With about 180 visitors per page version for premium treks combined, the test has limited statistical power for this subgroup. A meaningful difference might exist but the sample is too small to detect it reliably. This does not mean the premium trek decline is not real -- it means the test cannot prove it with confidence.

Direct AI to discuss what sample size Marco would need to detect a meaningful difference in premium trek bookings. This is a forward-looking recommendation, not a verdict on the current data.

Step 5: Synthesise the confounds

You have identified three confounds. Each changes the interpretation differently:

  1. Ad budget shift (week 3) -- threatens internal validity. Paid ad visitors increased mid-experiment, inflating the apparent page B advantage. When isolated to organic visitors, the effect shrinks.
  2. Pricing display difference -- likely explains the premium trek decline. The new page hides group discounts that make premium treks attractive. This is a page design issue, but it is specific to the pricing layout, not the overall redesign.
  3. Language limitation -- limits generalizability. Results apply only to English-language visitors. Spanish and French visitors were not tested.

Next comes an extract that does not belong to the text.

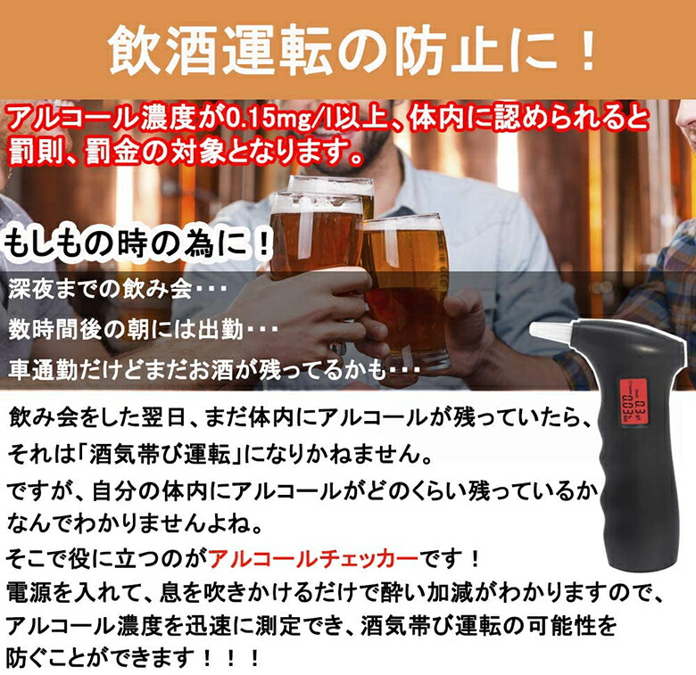 【高感度・高精度 ★ アルコールチェッカー】本製品は高感度半導体センサーで、迅速に呼気中のアルコール濃度をテストでき、

Each confound operates independently. The ad budget shift inflated the overall effect. The pricing display drove the premium trek decline. The language limitation constrains who the results apply to.

The honest summary: the new page probably does improve overall bookings for English-language visitors, but the effect is smaller than the headline number suggests. The premium trek decline is likely caused by the pricing display, not the page design itself.

Step 6: Verify the confound analysis

Use meta-prompting one more time. You've done the segmented analysis and catalogued the confounds. Check your work:

Here's my analysis of the confounding factors in this A/B test: (1) an ad budget increase mid-test changed the traffic composition, (2) a pricing display difference between page versions explains the premium trek decline, (3) the test only covered English-language visitors. What am I missing? What other threats to validity should I consider?

AI may surface additional threats: seasonal effects during the 60-day window, differences in visitor behavior by day of week, whether the randomization was truly random, or whether repeat visitors were counted multiple times. Some of these you can check with the data. Others are limitations you acknowledge in the report.

The verification extends to the interfaces between different parts of the analysis. Does the metric definition you chose in Unit 2 match what the tests computed in Unit 3? Does the organic-only segmentation use the same metric definition? When different parts of an analysis are handled in different sessions or with different tools, the connections between them are where errors hide.

✓ Check

✓ Check: The organic-only conversion rate difference should be smaller than the overall difference (removing the ad traffic effect). The first-two-weeks analysis should show a similar but noisier pattern.